§ **The problem**:
Go to the line with "La testata giornalistica" in the material below and copy from there through the line with "手元供養ステージ FLOAT 収納付きタイプ 錫色×墨黒色", exactly. Pictures are not copied.

START Data for review

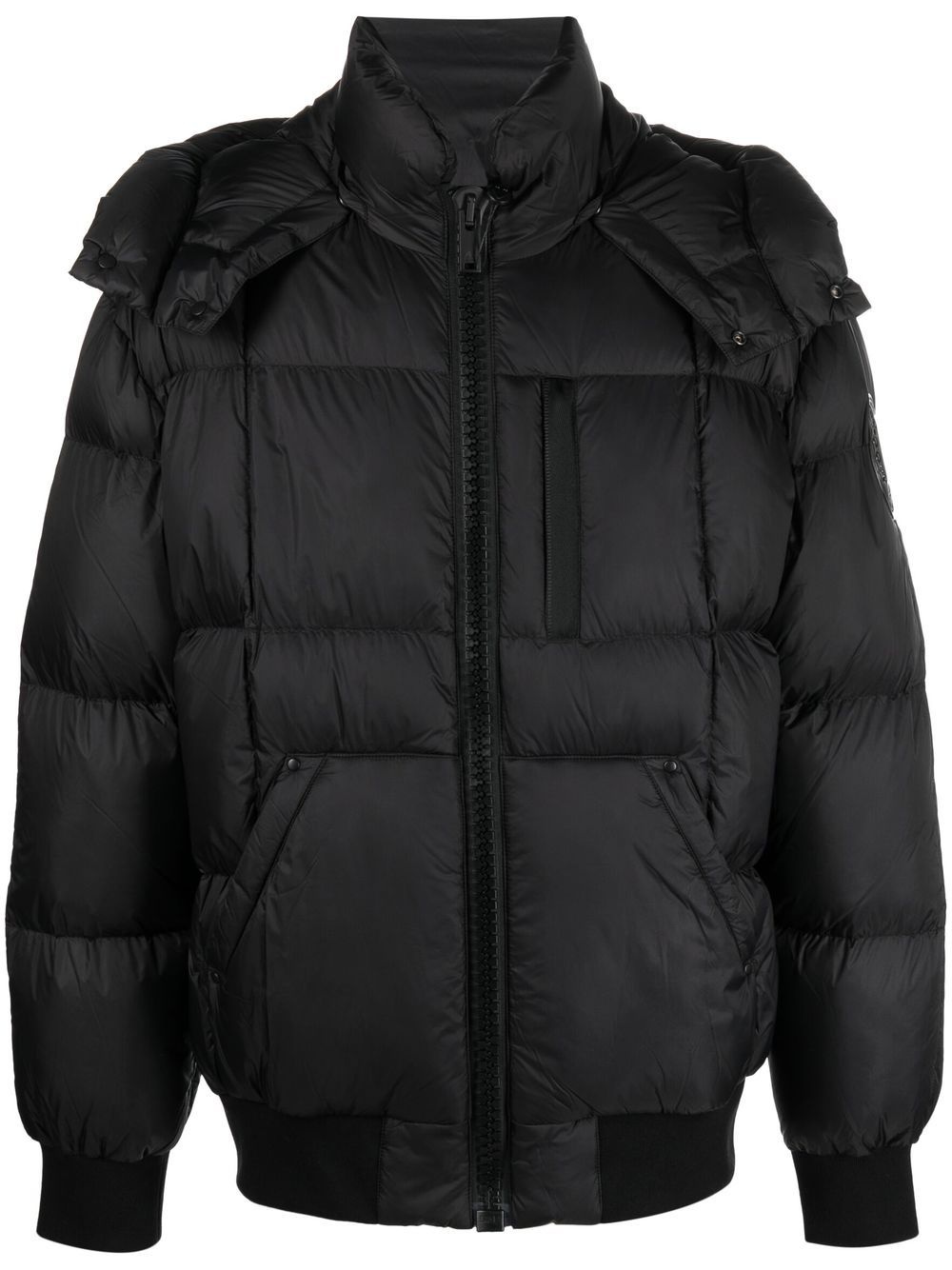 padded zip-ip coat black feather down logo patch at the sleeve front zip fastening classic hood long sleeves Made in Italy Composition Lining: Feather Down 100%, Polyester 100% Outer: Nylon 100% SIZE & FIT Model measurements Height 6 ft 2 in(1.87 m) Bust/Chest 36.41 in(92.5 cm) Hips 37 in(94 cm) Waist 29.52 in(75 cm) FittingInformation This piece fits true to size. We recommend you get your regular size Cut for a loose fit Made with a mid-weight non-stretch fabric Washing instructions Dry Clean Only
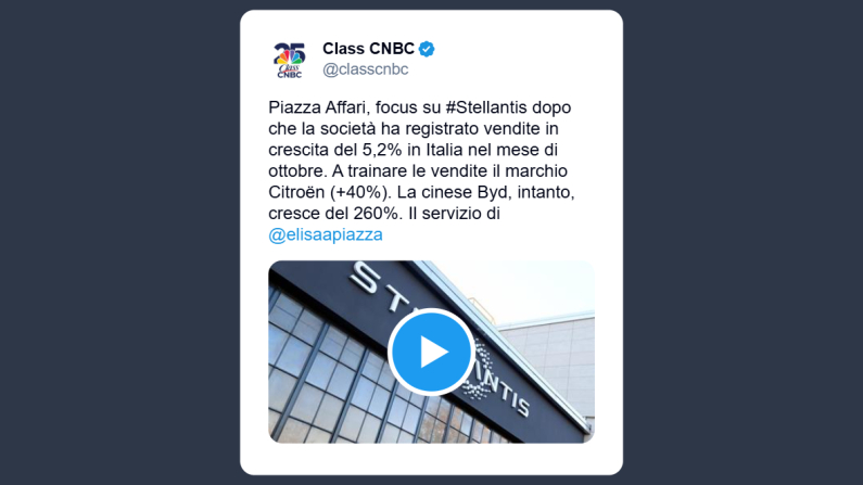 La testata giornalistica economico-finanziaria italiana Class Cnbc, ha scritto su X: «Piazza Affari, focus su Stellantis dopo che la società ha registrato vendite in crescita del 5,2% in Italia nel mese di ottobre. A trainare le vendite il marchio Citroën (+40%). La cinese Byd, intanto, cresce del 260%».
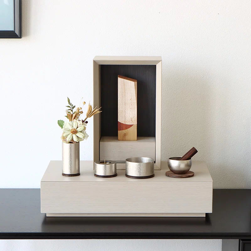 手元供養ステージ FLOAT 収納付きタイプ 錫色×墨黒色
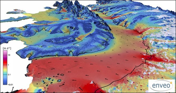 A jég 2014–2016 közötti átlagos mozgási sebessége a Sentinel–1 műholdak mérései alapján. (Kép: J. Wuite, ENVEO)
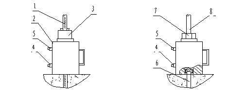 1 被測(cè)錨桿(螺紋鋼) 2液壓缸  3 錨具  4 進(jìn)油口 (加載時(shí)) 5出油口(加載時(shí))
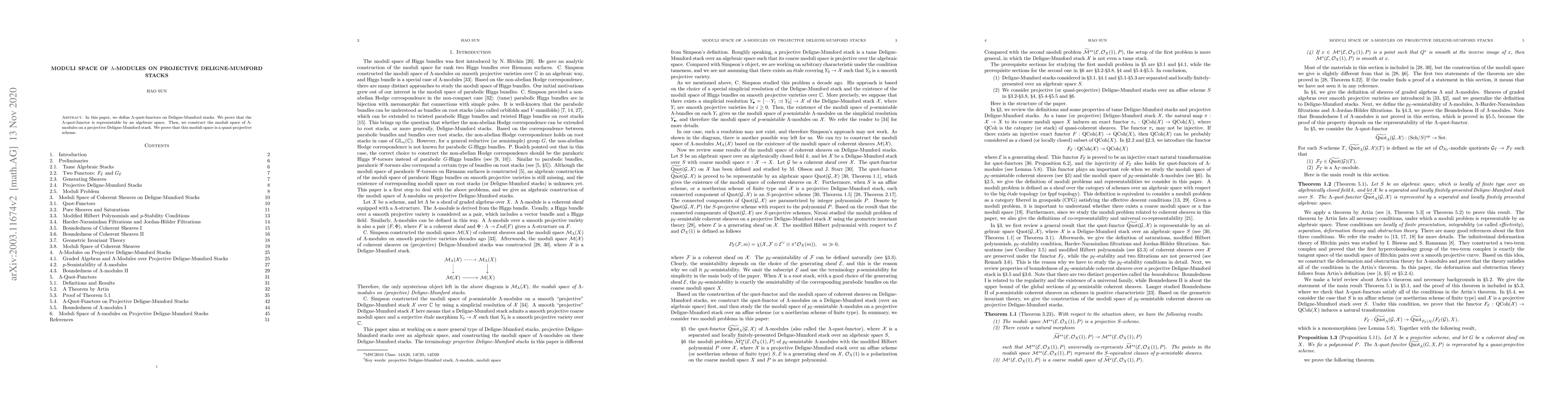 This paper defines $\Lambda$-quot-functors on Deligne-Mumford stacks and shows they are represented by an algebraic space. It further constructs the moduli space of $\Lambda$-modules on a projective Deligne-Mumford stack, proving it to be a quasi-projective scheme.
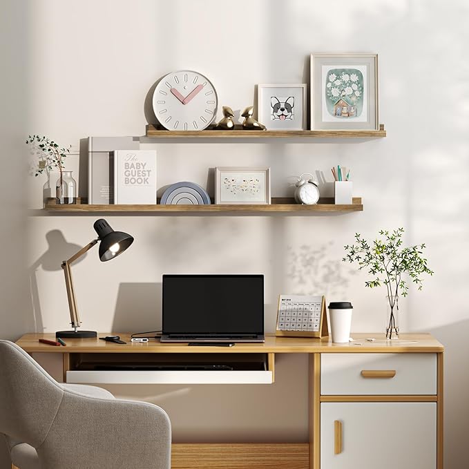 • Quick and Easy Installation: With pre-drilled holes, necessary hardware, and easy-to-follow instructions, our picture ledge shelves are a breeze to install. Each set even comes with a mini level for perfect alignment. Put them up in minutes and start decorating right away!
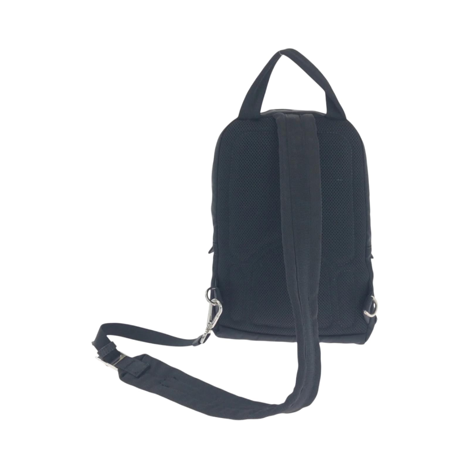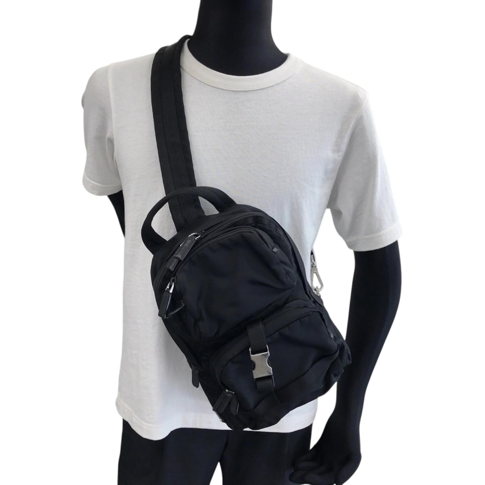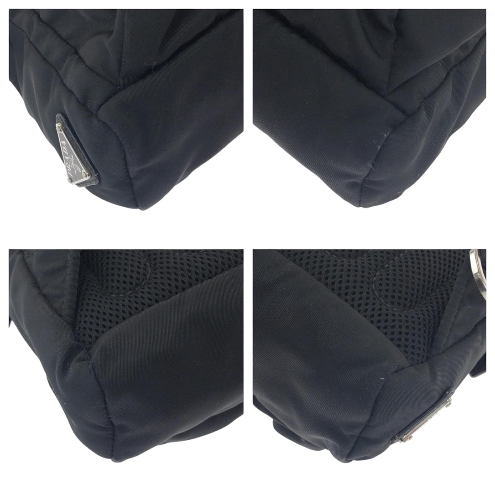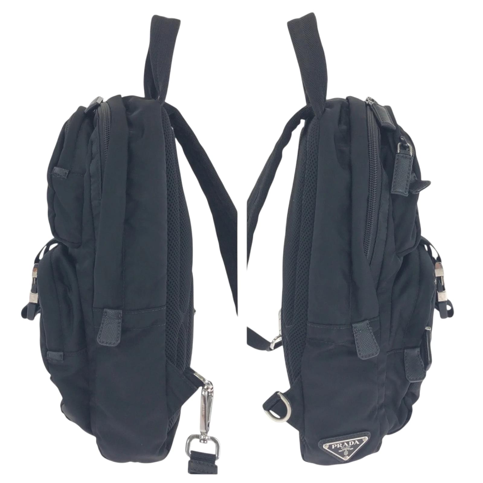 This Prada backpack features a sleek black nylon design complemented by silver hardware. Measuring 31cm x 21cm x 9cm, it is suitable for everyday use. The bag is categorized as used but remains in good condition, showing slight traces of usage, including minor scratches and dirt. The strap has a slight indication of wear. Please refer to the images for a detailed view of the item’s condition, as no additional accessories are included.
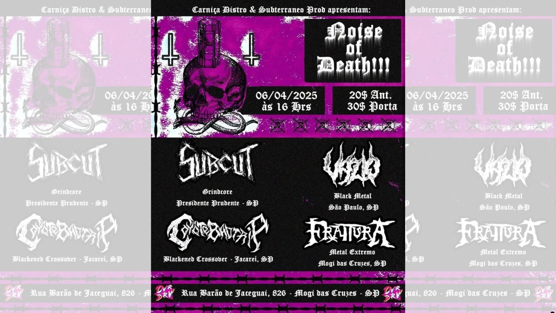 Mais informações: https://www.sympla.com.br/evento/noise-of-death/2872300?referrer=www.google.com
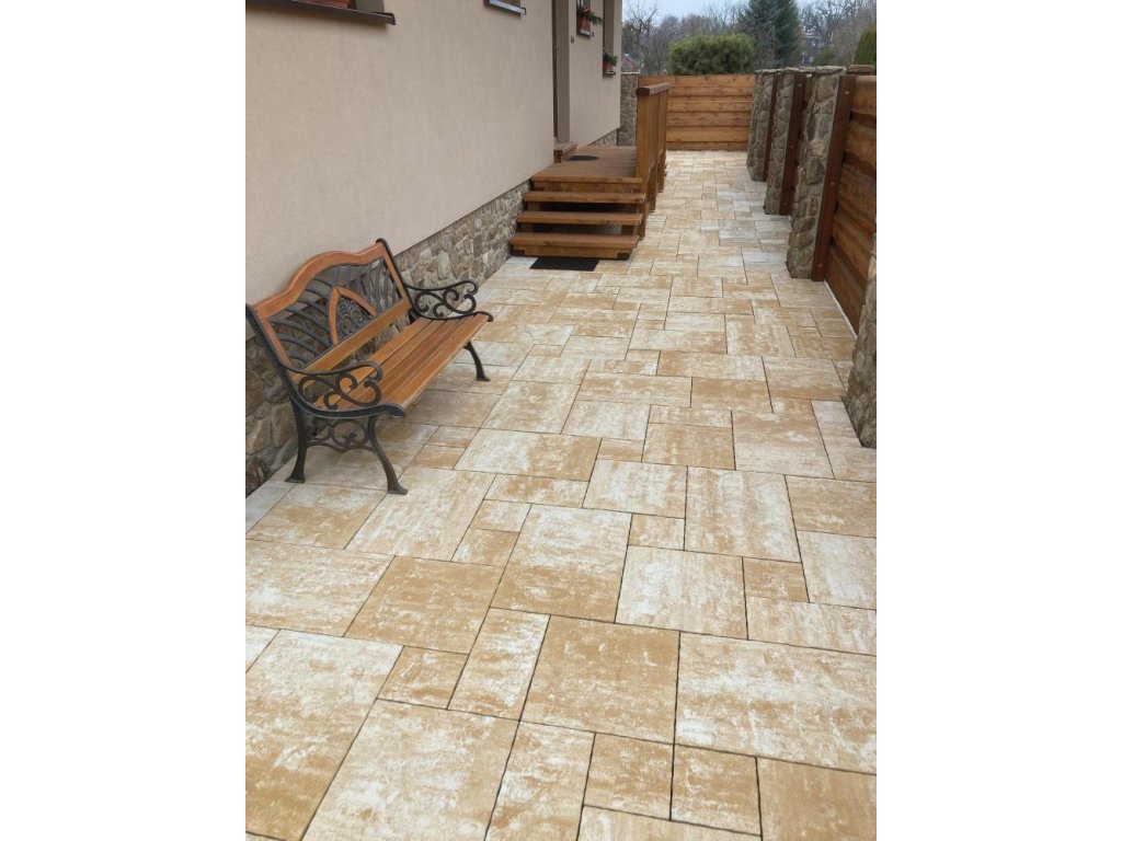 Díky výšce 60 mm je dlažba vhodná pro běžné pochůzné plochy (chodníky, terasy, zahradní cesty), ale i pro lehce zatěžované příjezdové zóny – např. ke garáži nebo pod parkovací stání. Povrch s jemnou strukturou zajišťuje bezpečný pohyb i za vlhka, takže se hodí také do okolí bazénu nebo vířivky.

END Data for review

§ **Exercise answer**:
 La testata giornalistica economico-finanziaria italiana Class Cnbc, ha scritto su X: «Piazza Affari, focus su Stellantis dopo che la società ha registrato vendite in crescita del 5,2% in Italia nel mese di ottobre. A trainare le vendite il marchio Citroën (+40%). La cinese Byd, intanto, cresce del 260%».
 手元供養ステージ FLOAT 収納付きタイプ 錫色×墨黒色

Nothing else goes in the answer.